The sound is very important because it tells you an awful lot, like music. But you have to know where to place them, and the actors have to feel the silence, feel the pause. When it’s felt, it is different than when you just pause and go on. Before my father died, he would go into these violent rages, but then it would all go quiet. And that quiet wouldn’t last for minutes, it would last for hours, and then he would explode again. It was terrifying. Even now, I can go into a room of people and know who’s had a row, and I’m on edge.
But it’s very like music. My great love is Bruckner. There’s a wonderful slow moment in his seventh symphony, where there’s this huge climax topped by a cymbal clash, which one of his students recommended. And then there’s silence, and then the tune comes back just on violins. Ah! That silence is just fabulous. When it’s right, it’s right, but it’s something that’s got to be felt. In film school, we had an exercise in our first year, and I came up with it at the very last moment: a man and a woman sitting in utter silence. She says “yes” and he says “no.” That’s all. And then you see their feet at the end of the bed, and they start to giggle. You can say a lot by the simplest of methods, but it has to be orchestrated like a symphony.
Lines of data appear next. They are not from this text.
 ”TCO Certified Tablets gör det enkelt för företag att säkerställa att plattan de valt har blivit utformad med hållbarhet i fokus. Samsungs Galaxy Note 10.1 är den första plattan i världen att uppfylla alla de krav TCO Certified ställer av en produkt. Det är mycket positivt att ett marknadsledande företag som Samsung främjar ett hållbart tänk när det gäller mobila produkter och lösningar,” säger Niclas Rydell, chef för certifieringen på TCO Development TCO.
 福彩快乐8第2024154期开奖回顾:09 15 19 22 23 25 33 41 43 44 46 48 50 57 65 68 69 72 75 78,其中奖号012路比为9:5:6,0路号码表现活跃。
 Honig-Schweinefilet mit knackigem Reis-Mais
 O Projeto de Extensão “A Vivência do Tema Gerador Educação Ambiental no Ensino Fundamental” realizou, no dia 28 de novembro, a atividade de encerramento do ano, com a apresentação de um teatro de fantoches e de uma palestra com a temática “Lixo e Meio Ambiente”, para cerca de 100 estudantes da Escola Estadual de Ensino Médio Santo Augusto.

It has to be thought out first. You can only improvise if you’ve prepared. It’s the Catholic in me. I’m terrified of making a mistake. It’s almost as bad as trying not to fart in company! There are no end to these terrors.
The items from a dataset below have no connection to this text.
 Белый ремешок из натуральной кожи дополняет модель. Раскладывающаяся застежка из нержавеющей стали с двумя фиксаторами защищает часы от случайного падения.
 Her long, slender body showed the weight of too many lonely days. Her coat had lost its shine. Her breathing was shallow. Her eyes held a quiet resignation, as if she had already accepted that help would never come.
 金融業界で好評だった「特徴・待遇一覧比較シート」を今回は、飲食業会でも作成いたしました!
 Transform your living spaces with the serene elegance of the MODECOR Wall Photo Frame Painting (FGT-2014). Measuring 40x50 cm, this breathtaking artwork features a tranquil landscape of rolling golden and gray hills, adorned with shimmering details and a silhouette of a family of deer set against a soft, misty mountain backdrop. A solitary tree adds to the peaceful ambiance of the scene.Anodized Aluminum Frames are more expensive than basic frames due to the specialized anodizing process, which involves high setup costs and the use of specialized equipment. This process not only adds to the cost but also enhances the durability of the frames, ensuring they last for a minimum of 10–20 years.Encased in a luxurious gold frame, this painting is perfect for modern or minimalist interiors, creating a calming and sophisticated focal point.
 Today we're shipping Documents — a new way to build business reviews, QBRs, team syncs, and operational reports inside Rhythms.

I love that that is your précis of your Catholicism—it’s like trying not to fart in company. [Laughs]
One time you had to do it in Latin, and it would have been acceptable. [Laughs]
One scene in Benediction where silence is used to incredible effect is when Wilfred Owen gives his poem “Disabled” to Sassoon. You just hold the moment, with reverse shots of Wilfred waiting, Sassoon reading. Anyone who has ever written something and shared it with someone can just feel the tension and the anticipation of that moment when the reader looks up. Tell me about staging that scene.
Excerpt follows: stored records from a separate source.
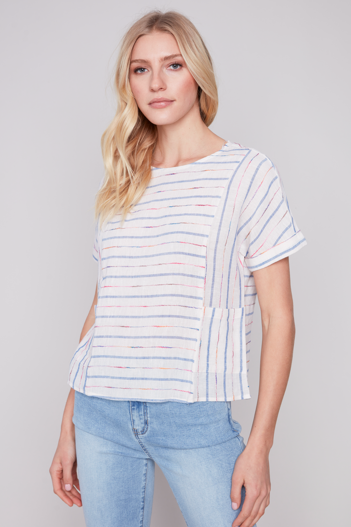 Add a touch of playfulness to your wardrobe with Charlie B's Yarn Dyed Embroidered Stripe Boxy Top! Featuring handy pockets and unique embroidered stripes, this top combines style and convenience. Perfect for those who don't take themselves too seriously.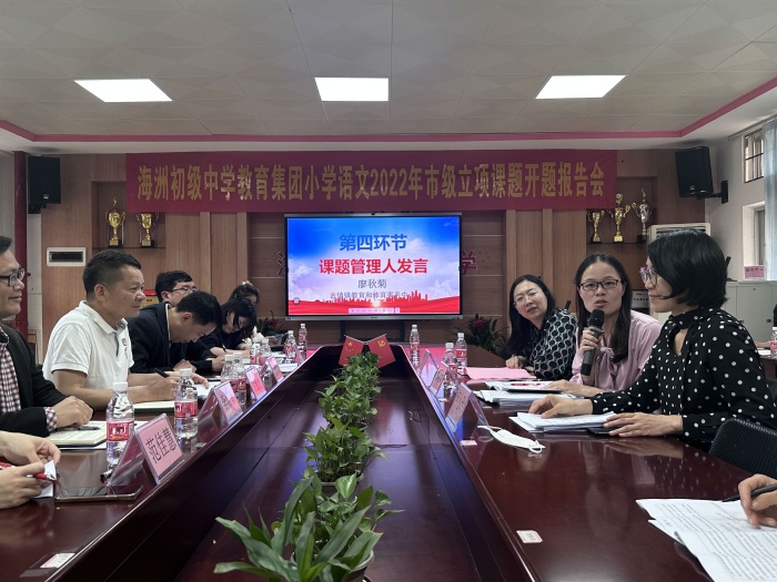 本次開題報告會誠邀小欖績東二小副校長何小玲、市學科帶頭人于柳以及古鎮鎮教體中心廖秋菊老師等領導專家為課題組成員論證指導。此外,參加本次會議的還有海洲初級中學教育集團的語文教師和課題組成員。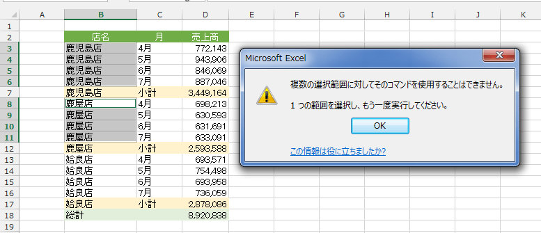 下図のようにこのコマンドは1つの範囲にしか実行できないとの説明が表示されます。

Well, it had a dual function narratively. I’ve used it before, that thing of waiting, in A Quiet Passion, when Emily gives the little booklet of the poems to the reverend. It’s just, as you said, you wait and wait, and it seems like an eternity, as though that time will never, never end. And when it does, I thought, this time we mustn’t hear the poem. And then at the end it comes back in with exactly the same dialogue. That’s when film is most like music—you can drop an idea at the beginning of the movie, and 40 minutes later, it comes to fruition. Also, I had that lovely lad [Matthew Tennyson] who played Wilfred Owen. He’s got such an adorable little face. All you have to do, when the face is right, is to look at it. People’s faces are never still. Their eyes move. All those little things you can’t direct—the things they just do.
I know that neither of us believes in linear time, but I believe we’re almost at the end of the time I have with you. Are you working on anything next?
Well, I’m trying to get money for the next film, a Stefan Zweig novel. He wrote the novella Letter From an Unknown Woman. It’s the greatest film about unrequited love ever made. Joan Fontaine, Louis Jourdan, fabulous black-and-white by Max Ophüls. He came out of copyright about 15 years ago, and I went and got the book everyone says is his best, which is called Beware of Pity, and quite honestly, I couldn’t get through it. But I bought another one called The Post Office Girl, a novel he never finished, so it’s got the most ambiguous ending. It’s a Cinderella story without a happy ending. It’s set in Austria just after the First World War. The Austrian economy has just collapsed, and this girl is living with her mother in awful conditions. Her aunt, who’s gone to America and married someone there and come back, invites her to stay with her for two weeks. So she’s exposed to a world of drama and money, and then it ends. She has to go back to her job. And it’s how she bears that. It’s the most wonderful novel.